Mit einer knappen Handbewegung gab Malin Pelle zu verstehen, dass er aufstehen solle, und der junge Pilot erhob sich. Er warf Ondragon ein leicht spöttisches Gewinnerlächeln zu und folgte seiner Chefin aus dem Zelt. Resigniert sah er auf den Ausgang. Am Ende ist immer einer der Loser, dachte er. Doch leider hatte er das starke Gefühl, dass diesmal er das war.

„Und wann können wir hier raus?“, fragte er an Kubicki gerichtet. Er hatte keine Lust, noch länger an diesem unerfreulichen Ort zu bleiben.

„Sie können sofort mit der nächsten Maschine raus“, entgegnete der BND-Führungsoffizier. „Unser Pilot fliegt Sie nach Casablanca oder Marrakesch. Je nachdem, wo Sie hin wollen.“

„Und was ist mit meiner Bezahlung?“, wollte Ondragon wissen.

„Wenn Sie Ihre Akte meinen, die liegt in Berlin bereit. Sie können jederzeit Einsicht erhalten. Und das Geld – nun wir wollen mal nicht so sein, schließlich haben Sie sich ja alle Mühe gegeben, den Auftrag zu erfüllen – es wird sich in wenigen Tagen auf Ihrem Konto befinden.“

Ondragon nickte, dann wandte er sich an Achille. „Komm, wir hauen ab!“

Als sie wenig später im Flugzeug des BND saßen und nach unten auf den rauchenden Berg schauten, spürte Ondragon ein ungewohntes Gefühlschaos in seinem Inneren toben. Auf der einen Seite war er froh, wieder einmal davongekommen zu sein, und fühlte sogar ein wenig Schadenfreude darüber, dass Pandora zerstört und der BND absolut leer ausgegangen war. Doch auf der anderen Seite – und das brachte ihn zum unteren Ende seiner Gefühlsskala – erfüllte es ihn mit tiefer Traurigkeit zu sehen, wie Teslas Traum in Flammen stand und damit unwiederbringlich verloren war. Und mit einem Mal verstand er sogar Meister Yaqubs Dilemma. Teslas Erfindungen waren ein Fluch und ein Segen zugleich. Darin hatte der alte Mann recht behalten. Aber Yaqub war nicht mehr, wie auch sein geheimer Schatz zu einem einzigen Klumpen Metall eingeschmolzen worden war. Und auf schicksalshafte Weise hatte sich der Daseinszweck der Sator-Bruderschaft dann doch erfüllt: Sie hatte die Menschheit vor einer großen Dummheit bewahrt. Sator opera tenet – der Schöpfer bewahrt seine Schöpfung.
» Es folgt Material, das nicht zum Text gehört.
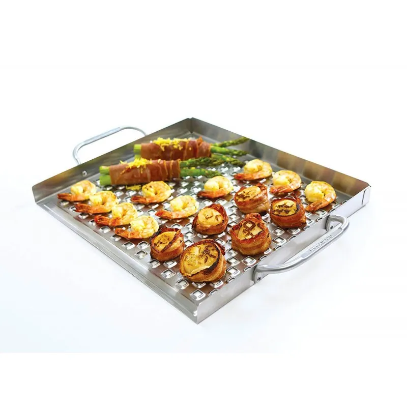 Квадратные перфорационные отверстия на дне противня повышают жесткость конструкции, предотвращая прилипание пищи. Это отличный аксессуар для барбекю, который оценит каждый владелец профессионального гриля.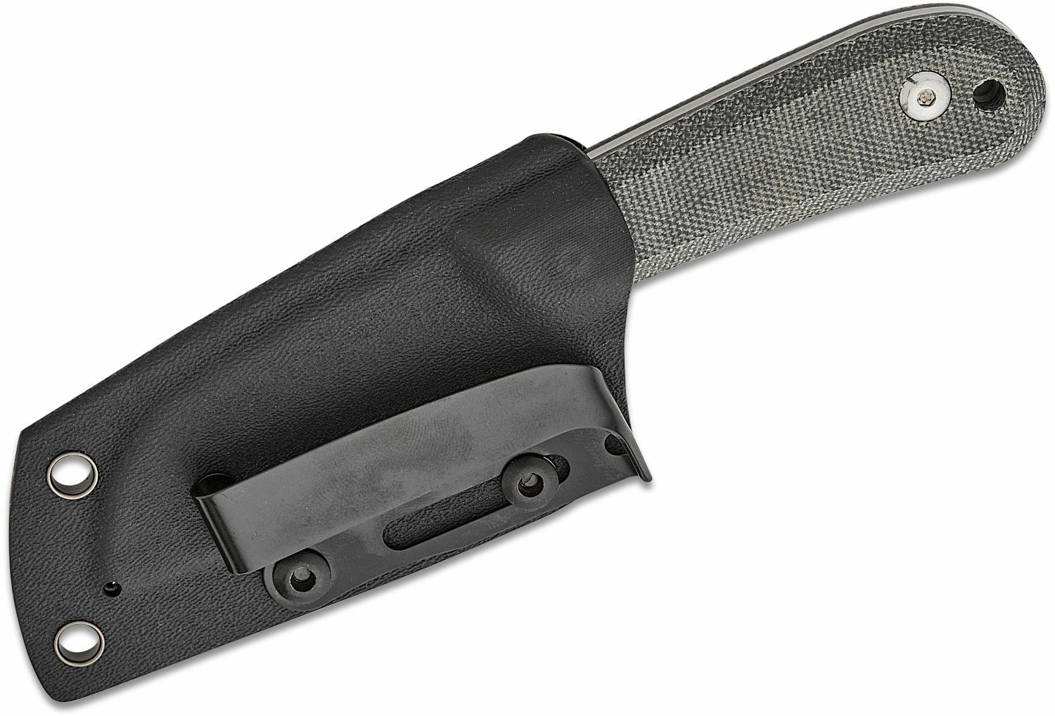Mânerul din Micarta de culoare neagră, cu miez solid din G10, se așază bine în mână și asigură o prindere sigură chiar și în condiții mai dificile. Orificiul practic pentru șnur permite atașarea de paracord sau buclă de siguranță. Pachetul include teacă Kydex pentru purtare sigură și confortabilă.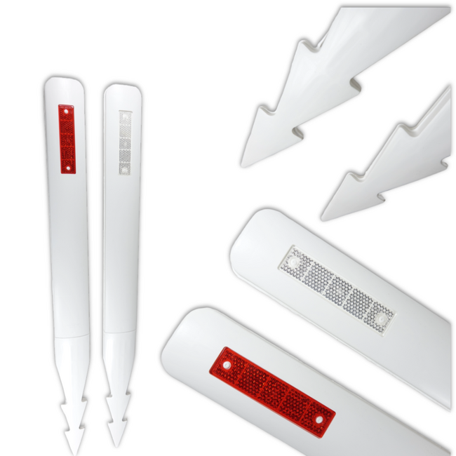 Verbeterde Zichtbaarheid: Dankzij de geïntegreerde reflectoren zijn onze bermpalen, of u ze nu bermpaaltjes, bermpaal of bermpalen noemt, zelfs 's nachts goed zichtbaar. Dit draagt bij aan een veilige verkeersomgeving.

Als Ondragons Bewusstsein aus diesen Gedanken auftauchte, waren sie schon weit in die Wüste hinausgeflogen. Unter ihnen erstreckte sich nichts als Sand.
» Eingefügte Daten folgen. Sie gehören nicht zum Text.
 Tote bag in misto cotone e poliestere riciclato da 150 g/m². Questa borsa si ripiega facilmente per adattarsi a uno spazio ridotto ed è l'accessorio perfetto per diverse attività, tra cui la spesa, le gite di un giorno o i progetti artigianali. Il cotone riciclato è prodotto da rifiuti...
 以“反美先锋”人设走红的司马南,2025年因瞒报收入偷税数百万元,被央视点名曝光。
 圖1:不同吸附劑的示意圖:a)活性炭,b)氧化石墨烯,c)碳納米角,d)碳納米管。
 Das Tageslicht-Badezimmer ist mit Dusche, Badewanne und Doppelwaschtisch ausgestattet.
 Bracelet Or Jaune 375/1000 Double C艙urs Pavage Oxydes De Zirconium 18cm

Erschöpft lehnte er sich zurück und legte seine bandagierten Hände in den Schoß. Mehr als das Vibrieren der Maschine spürte er die Müdigkeit, die ihn zu überwältigen drohte, jetzt, da er alles hinter sich ließ. Doch kurz bevor er seine Augen schloss und sich der Erschöpfung hingab, fing sein Geist noch etwas auf. Eine winzige Störung im Muster. Die Zentrifuge in seinem Kopf zuckte und sandte eine letzte Botschaft. Dort unten im Sand war etwas gewesen. Etwas, das nicht dorthin passte. Ein Gefährt. Ein sehr merkwürdiges Gefährt.

Der Snake?

Nur wer fuhr ihn? Clandestin? War es dem jungen Mann gelungen, zu ihrem verlassenen Camp zu finden? Hatte er den Snake genommen und war damit hinaus in die Wüste gefahren? Ein unbewusstes Lächeln legte sich auf Ondragons Lippen. Natürlich war er es. Clandestin. Guter Junge! Nun würde wenigstens ein Teil des Wissens der Sator-Bruderschaft weiterleben … und auch der Schatz würde im gewissen Sinne weiterleben.

Mit dieser tröstlichen Gewissheit kippte Ondragons Kopf zur Seite, und er schlief ein.